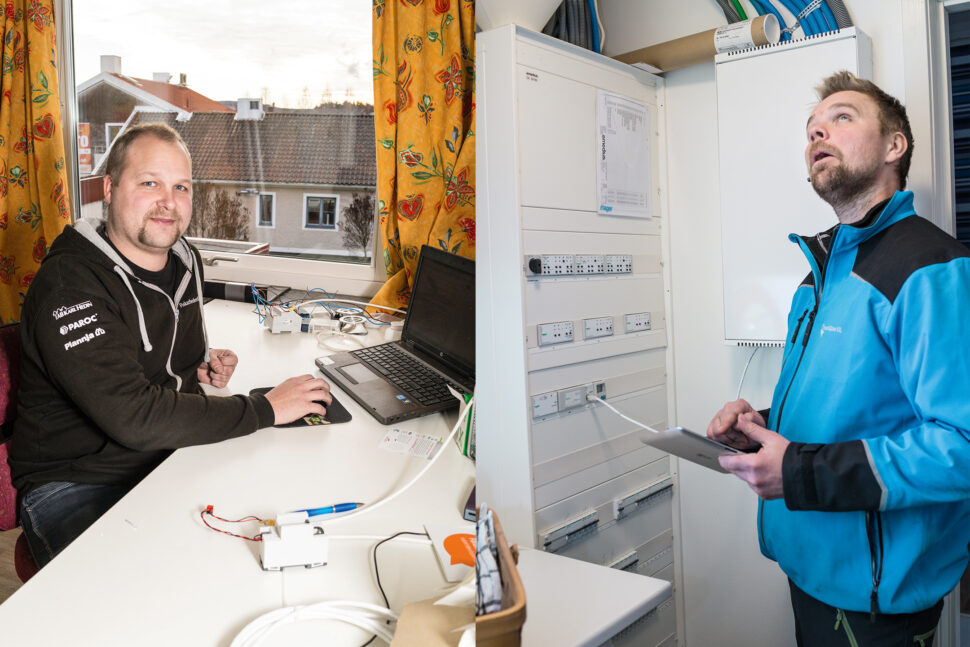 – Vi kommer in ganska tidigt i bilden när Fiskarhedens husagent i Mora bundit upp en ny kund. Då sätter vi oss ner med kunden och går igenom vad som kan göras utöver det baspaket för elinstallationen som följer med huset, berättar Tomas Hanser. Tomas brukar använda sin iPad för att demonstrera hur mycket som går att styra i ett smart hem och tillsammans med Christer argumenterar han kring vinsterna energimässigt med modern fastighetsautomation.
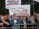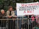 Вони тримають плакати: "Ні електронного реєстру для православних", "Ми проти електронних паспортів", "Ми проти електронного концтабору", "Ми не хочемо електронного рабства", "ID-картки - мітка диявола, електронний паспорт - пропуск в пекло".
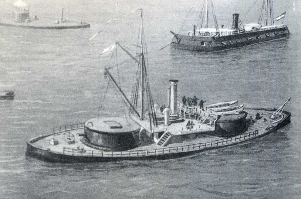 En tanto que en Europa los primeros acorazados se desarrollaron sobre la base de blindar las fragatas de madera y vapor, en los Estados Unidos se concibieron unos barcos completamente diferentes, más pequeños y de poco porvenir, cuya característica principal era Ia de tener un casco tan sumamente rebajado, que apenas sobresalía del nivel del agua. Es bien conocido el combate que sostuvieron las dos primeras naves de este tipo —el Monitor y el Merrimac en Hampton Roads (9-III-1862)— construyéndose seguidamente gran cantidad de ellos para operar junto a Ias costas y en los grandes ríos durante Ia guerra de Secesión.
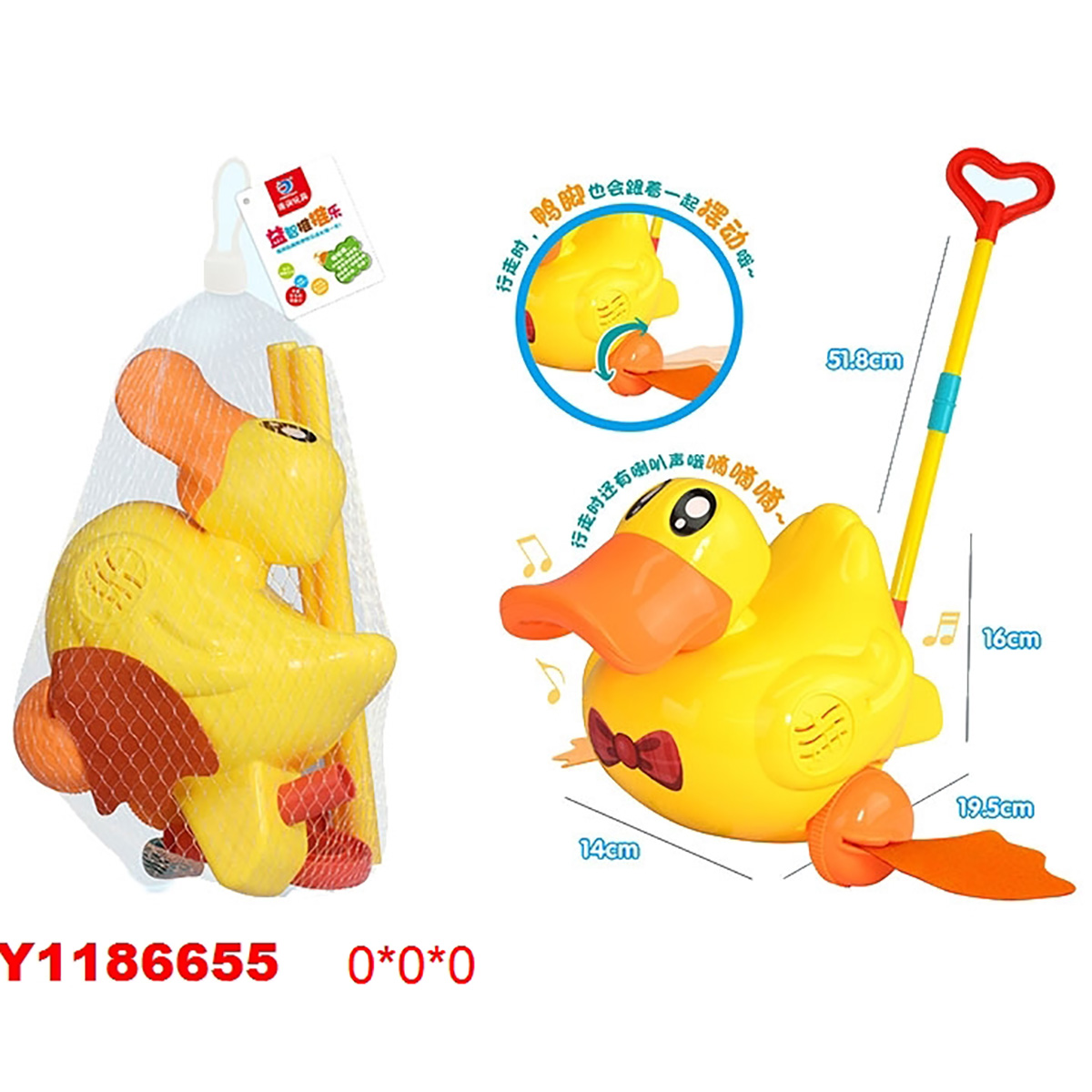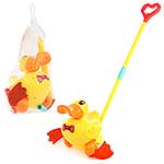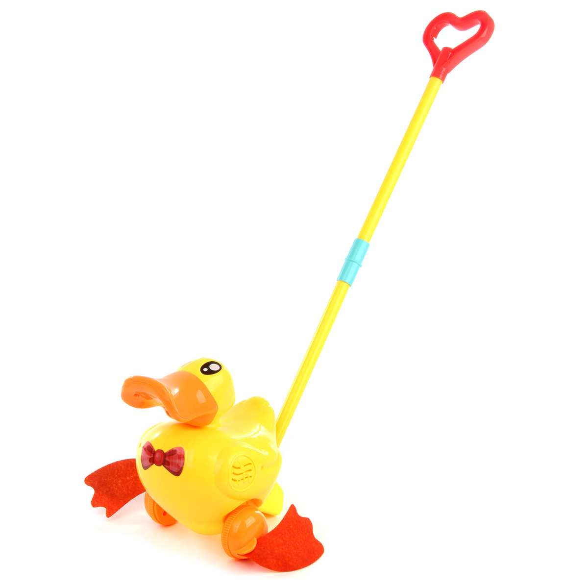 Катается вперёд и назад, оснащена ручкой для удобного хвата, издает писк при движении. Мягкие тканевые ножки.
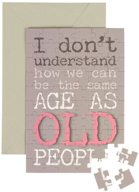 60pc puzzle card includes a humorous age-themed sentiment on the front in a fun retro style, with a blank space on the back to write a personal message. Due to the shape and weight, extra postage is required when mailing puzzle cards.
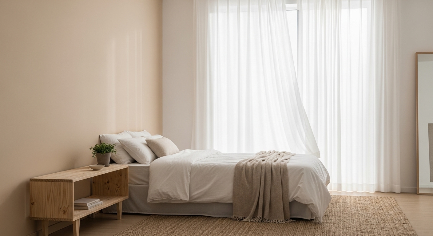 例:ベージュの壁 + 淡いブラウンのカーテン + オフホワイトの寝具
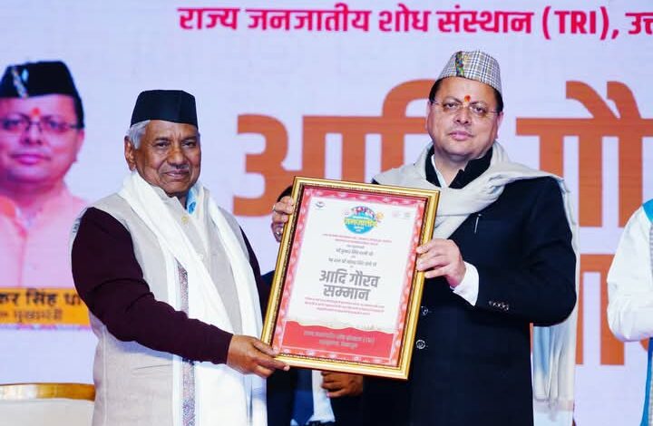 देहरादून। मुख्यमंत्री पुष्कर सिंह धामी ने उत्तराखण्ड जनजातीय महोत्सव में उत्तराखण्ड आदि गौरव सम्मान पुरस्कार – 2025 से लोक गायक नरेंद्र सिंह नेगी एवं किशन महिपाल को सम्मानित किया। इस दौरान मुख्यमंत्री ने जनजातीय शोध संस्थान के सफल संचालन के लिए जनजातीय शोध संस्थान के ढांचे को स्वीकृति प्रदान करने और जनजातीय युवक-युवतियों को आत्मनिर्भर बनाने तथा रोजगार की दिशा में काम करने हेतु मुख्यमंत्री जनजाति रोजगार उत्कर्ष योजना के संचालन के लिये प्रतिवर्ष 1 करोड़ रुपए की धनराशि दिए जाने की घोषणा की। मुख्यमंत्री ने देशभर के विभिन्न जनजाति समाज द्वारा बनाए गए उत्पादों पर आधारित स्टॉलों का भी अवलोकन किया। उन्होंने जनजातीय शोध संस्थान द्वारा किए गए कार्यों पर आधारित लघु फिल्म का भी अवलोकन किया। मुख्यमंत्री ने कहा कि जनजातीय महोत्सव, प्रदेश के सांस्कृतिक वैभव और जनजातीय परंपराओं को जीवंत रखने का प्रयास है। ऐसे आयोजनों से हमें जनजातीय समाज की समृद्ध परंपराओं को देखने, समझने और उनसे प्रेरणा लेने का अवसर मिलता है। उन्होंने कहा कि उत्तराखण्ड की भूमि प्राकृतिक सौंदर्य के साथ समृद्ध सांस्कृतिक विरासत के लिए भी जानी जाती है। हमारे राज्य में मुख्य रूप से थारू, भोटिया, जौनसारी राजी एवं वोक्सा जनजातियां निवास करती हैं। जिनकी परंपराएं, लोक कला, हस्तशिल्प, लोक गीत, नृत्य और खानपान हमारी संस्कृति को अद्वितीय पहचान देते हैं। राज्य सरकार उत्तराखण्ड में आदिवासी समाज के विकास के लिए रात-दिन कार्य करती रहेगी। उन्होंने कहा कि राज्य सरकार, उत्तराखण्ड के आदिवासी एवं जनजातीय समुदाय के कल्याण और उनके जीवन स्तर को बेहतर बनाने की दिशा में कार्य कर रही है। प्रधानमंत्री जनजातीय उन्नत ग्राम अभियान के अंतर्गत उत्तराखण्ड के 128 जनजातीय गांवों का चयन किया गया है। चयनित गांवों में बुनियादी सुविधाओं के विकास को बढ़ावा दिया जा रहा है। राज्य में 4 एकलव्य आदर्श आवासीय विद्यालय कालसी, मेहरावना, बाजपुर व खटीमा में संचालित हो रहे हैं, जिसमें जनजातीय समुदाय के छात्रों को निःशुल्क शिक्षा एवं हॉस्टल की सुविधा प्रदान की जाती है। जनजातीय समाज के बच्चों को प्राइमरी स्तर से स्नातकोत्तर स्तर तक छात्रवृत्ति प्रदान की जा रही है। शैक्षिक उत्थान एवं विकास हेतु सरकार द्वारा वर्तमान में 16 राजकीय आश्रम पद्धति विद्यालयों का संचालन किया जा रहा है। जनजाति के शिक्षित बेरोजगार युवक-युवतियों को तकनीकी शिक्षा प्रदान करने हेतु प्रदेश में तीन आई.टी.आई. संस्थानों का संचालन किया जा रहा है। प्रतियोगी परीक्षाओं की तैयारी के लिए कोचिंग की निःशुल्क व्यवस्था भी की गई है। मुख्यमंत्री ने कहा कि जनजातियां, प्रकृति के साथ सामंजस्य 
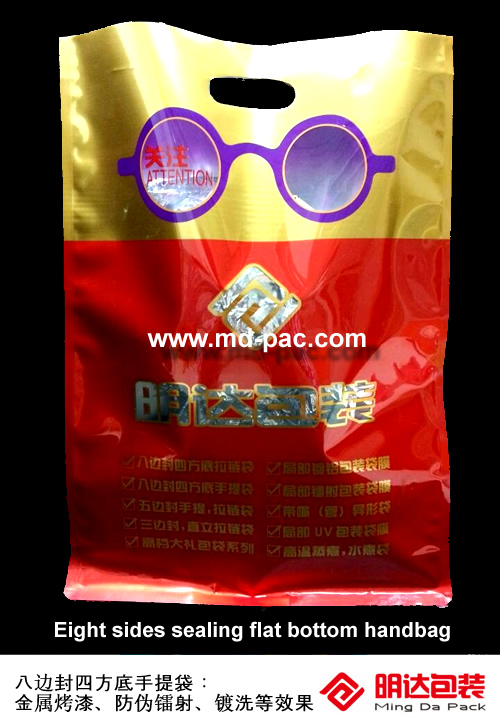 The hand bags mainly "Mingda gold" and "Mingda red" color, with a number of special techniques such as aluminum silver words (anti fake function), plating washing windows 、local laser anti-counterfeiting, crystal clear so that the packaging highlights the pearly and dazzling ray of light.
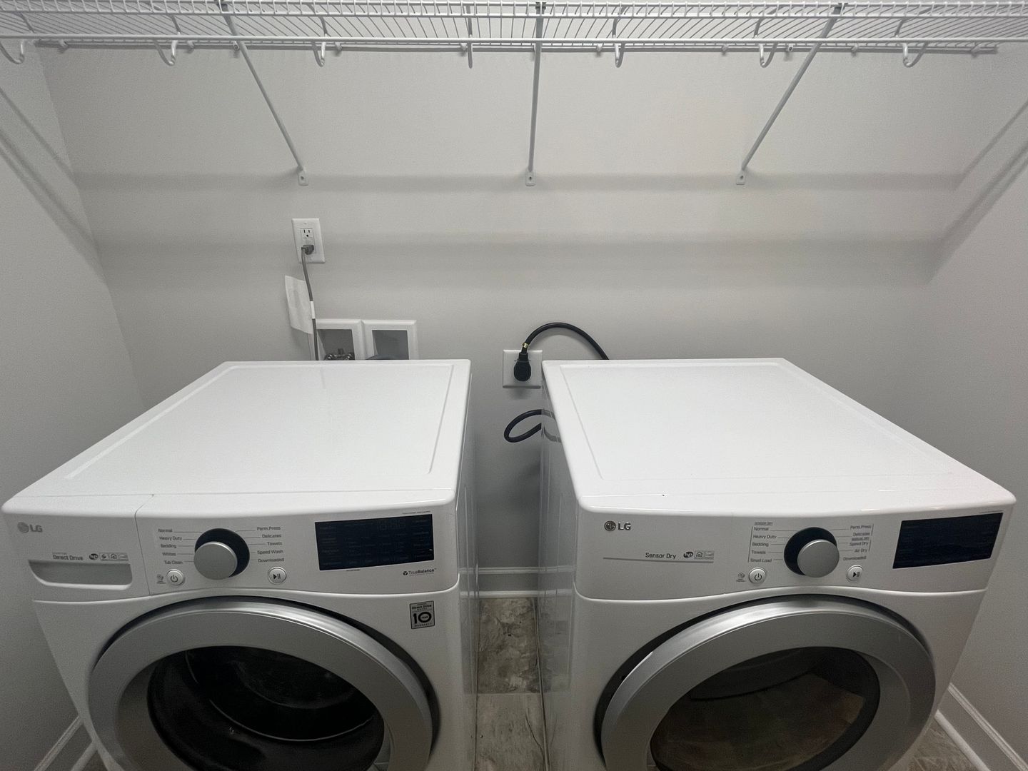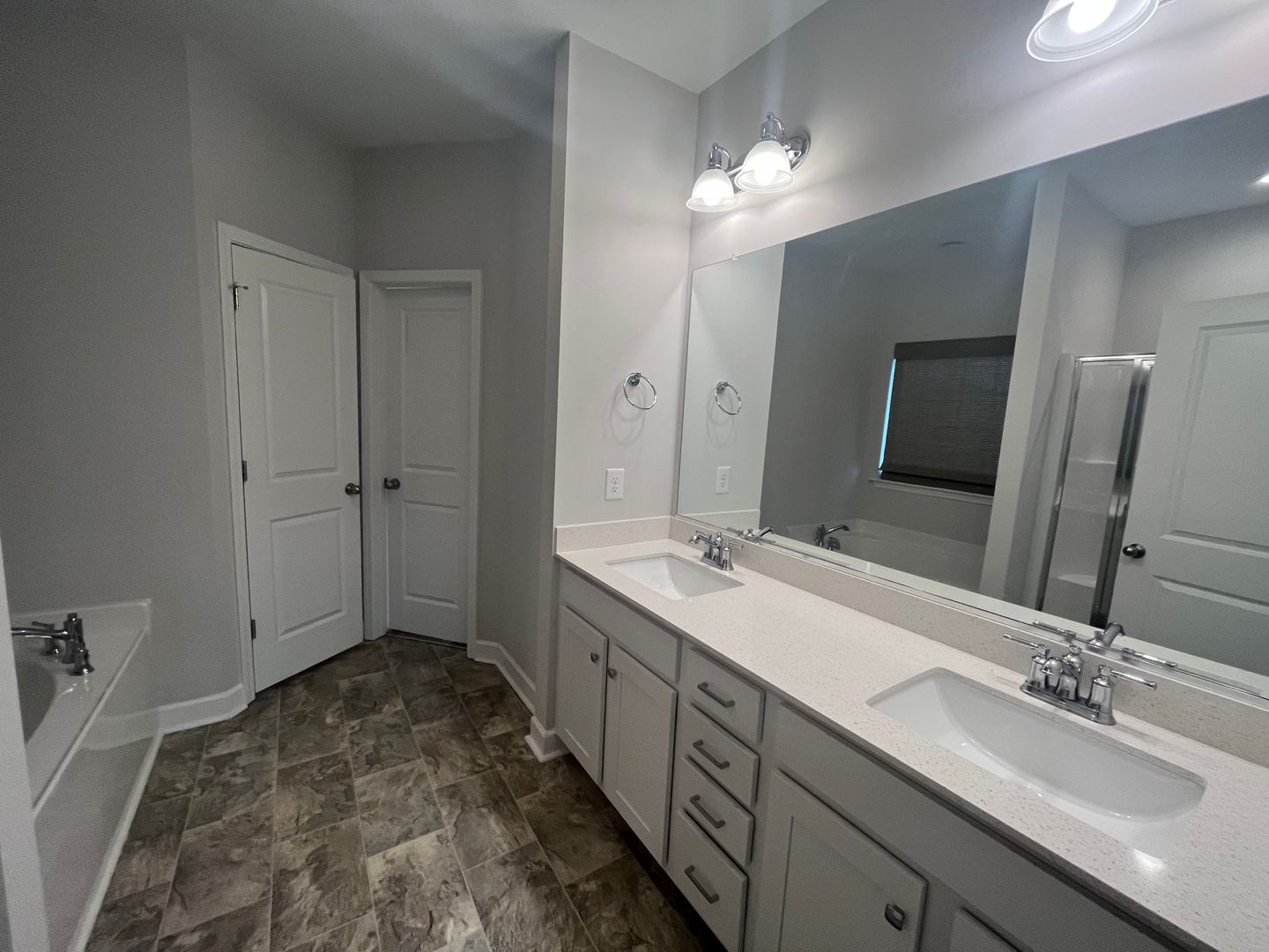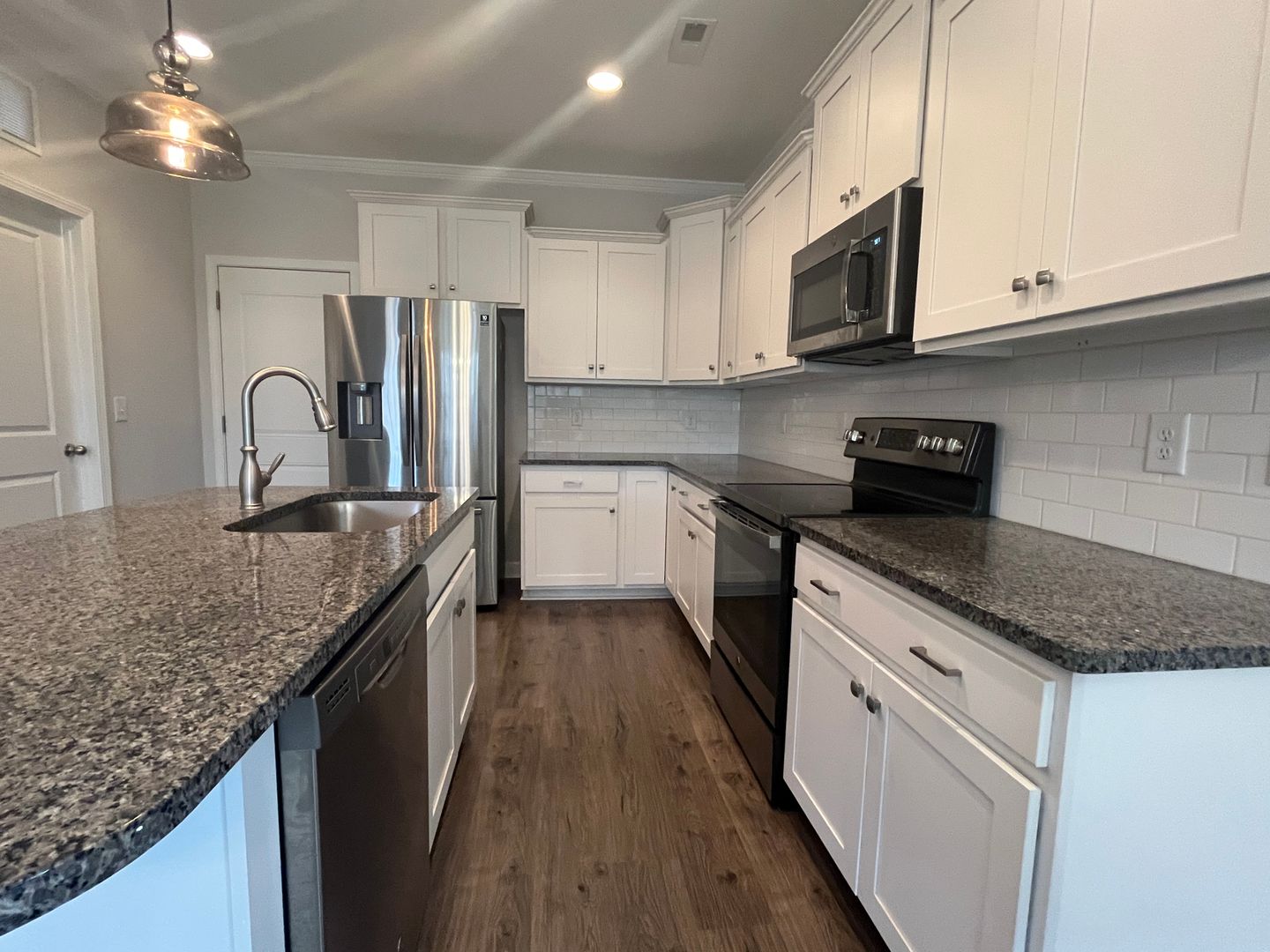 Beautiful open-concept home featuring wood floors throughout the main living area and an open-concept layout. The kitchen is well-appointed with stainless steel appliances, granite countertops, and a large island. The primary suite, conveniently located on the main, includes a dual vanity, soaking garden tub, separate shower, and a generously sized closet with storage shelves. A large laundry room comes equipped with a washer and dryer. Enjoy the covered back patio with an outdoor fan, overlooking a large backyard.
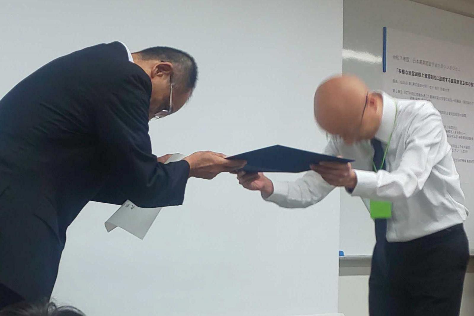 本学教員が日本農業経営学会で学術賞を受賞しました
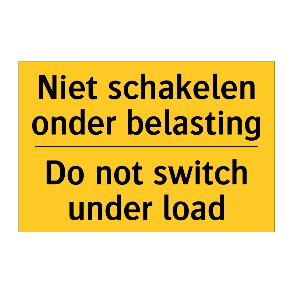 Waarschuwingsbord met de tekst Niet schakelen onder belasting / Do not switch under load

───

Without the pictures, reproduce every entry exactly as written.

 – Vi kommer in ganska tidigt i bilden när Fiskarhedens husagent i Mora bundit upp en ny kund. Då sätter vi oss ner med kunden och går igenom vad som kan göras utöver det baspaket för elinstallationen som följer med huset, berättar Tomas Hanser. Tomas brukar använda sin iPad för att demonstrera hur mycket som går att styra i ett smart hem och tillsammans med Christer argumenterar han kring vinsterna energimässigt med modern fastighetsautomation.
 Вони тримають плакати: "Ні електронного реєстру для православних", "Ми проти електронних паспортів", "Ми проти електронного концтабору", "Ми не хочемо електронного рабства", "ID-картки - мітка диявола, електронний паспорт - пропуск в пекло".
 En tanto que en Europa los primeros acorazados se desarrollaron sobre la base de blindar las fragatas de madera y vapor, en los Estados Unidos se concibieron unos barcos completamente diferentes, más pequeños y de poco porvenir, cuya característica principal era Ia de tener un casco tan sumamente rebajado, que apenas sobresalía del nivel del agua. Es bien conocido el combate que sostuvieron las dos primeras naves de este tipo —el Monitor y el Merrimac en Hampton Roads (9-III-1862)— construyéndose seguidamente gran cantidad de ellos para operar junto a Ias costas y en los grandes ríos durante Ia guerra de Secesión.
 Катается вперёд и назад, оснащена ручкой для удобного хвата, издает писк при движении. Мягкие тканевые ножки.
 60pc puzzle card includes a humorous age-themed sentiment on the front in a fun retro style, with a blank space on the back to write a personal message. Due to the shape and weight, extra postage is required when mailing puzzle cards.
 例:ベージュの壁 + 淡いブラウンのカーテン + オフホワイトの寝具
 देहरादून। मुख्यमंत्री पुष्कर सिंह धामी ने उत्तराखण्ड जनजातीय महोत्सव में उत्तराखण्ड आदि गौरव सम्मान पुरस्कार – 2025 से लोक गायक नरेंद्र सिंह नेगी एवं किशन महिपाल को सम्मानित किया। इस दौरान मुख्यमंत्री ने जनजातीय शोध संस्थान के सफल संचालन के लिए जनजातीय शोध संस्थान के ढांचे को स्वीकृति प्रदान करने और जनजातीय युवक-युवतियों को आत्मनिर्भर बनाने तथा रोजगार की दिशा में काम करने हेतु मुख्यमंत्री जनजाति रोजगार उत्कर्ष योजना के संचालन के लिये प्रतिवर्ष 1 करोड़ रुपए की धनराशि दिए जाने की घोषणा की। मुख्यमंत्री ने देशभर के विभिन्न जनजाति समाज द्वारा बनाए गए उत्पादों पर आधारित स्टॉलों का भी अवलोकन किया। उन्होंने जनजातीय शोध संस्थान द्वारा किए गए कार्यों पर आधारित लघु फिल्म का भी अवलोकन किया। मुख्यमंत्री ने कहा कि जनजातीय महोत्सव, प्रदेश के सांस्कृतिक वैभव और जनजातीय परंपराओं को जीवंत रखने का प्रयास है। ऐसे आयोजनों से हमें जनजातीय समाज की समृद्ध परंपराओं को देखने, समझने और उनसे प्रेरणा लेने का अवसर मिलता है। उन्होंने कहा कि उत्तराखण्ड की भूमि प्राकृतिक सौंदर्य के साथ समृद्ध सांस्कृतिक विरासत के लिए भी जानी जाती है। हमारे राज्य में मुख्य रूप से थारू, भोटिया, जौनसारी राजी एवं वोक्सा जनजातियां निवास करती हैं। जिनकी परंपराएं, लोक कला, हस्तशिल्प, लोक गीत, नृत्य और खानपान हमारी संस्कृति को अद्वितीय पहचान देते हैं। राज्य सरकार उत्तराखण्ड में आदिवासी समाज के विकास के लिए रात-दिन कार्य करती रहेगी। उन्होंने कहा कि राज्य सरकार, उत्तराखण्ड के आदिवासी एवं जनजातीय समुदाय के कल्याण और उनके जीवन स्तर को बेहतर बनाने की दिशा में कार्य कर रही है। प्रधानमंत्री जनजातीय उन्नत ग्राम अभियान के अंतर्गत उत्तराखण्ड के 128 जनजातीय गांवों का चयन किया गया है। चयनित गांवों में बुनियादी सुविधाओं के विकास को बढ़ावा दिया जा रहा है। राज्य में 4 एकलव्य आदर्श आवासीय विद्यालय कालसी, मेहरावना, बाजपुर व खटीमा में संचालित हो रहे हैं, जिसमें जनजातीय समुदाय के छात्रों को निःशुल्क शिक्षा एवं हॉस्टल की सुविधा प्रदान की जाती है। जनजातीय समाज के बच्चों को प्राइमरी स्तर से स्नातकोत्तर स्तर तक छात्रवृत्ति प्रदान की जा रही है। शैक्षिक उत्थान एवं विकास हेतु सरकार द्वारा वर्तमान में 16 राजकीय आश्रम पद्धति विद्यालयों का संचालन किया जा रहा है। जनजाति के शिक्षित बेरोजगार युवक-युवतियों को तकनीकी शिक्षा प्रदान करने हेतु प्रदेश में तीन आई.टी.आई. संस्थानों का संचालन किया जा रहा है। प्रतियोगी परीक्षाओं की तैयारी के लिए कोचिंग की निःशुल्क व्यवस्था भी की गई है। मुख्यमंत्री ने कहा कि जनजातियां, प्रकृति के साथ सामंजस्य 
 The hand bags mainly "Mingda gold" and "Mingda red" color, with a number of special techniques such as aluminum silver words (anti fake function), plating washing windows 、local laser anti-counterfeiting, crystal clear so that the packaging highlights the pearly and dazzling ray of light.
 Beautiful open-concept home featuring wood floors throughout the main living area and an open-concept layout. The kitchen is well-appointed with stainless steel appliances, granite countertops, and a large island. The primary suite, conveniently located on the main, includes a dual vanity, soaking garden tub, separate shower, and a generously sized closet with storage shelves. A large laundry room comes equipped with a washer and dryer. Enjoy the covered back patio with an outdoor fan, overlooking a large backyard.
 本学教員が日本農業経営学会で学術賞を受賞しました
 Waarschuwingsbord met de tekst Niet schakelen onder belasting / Do not switch under load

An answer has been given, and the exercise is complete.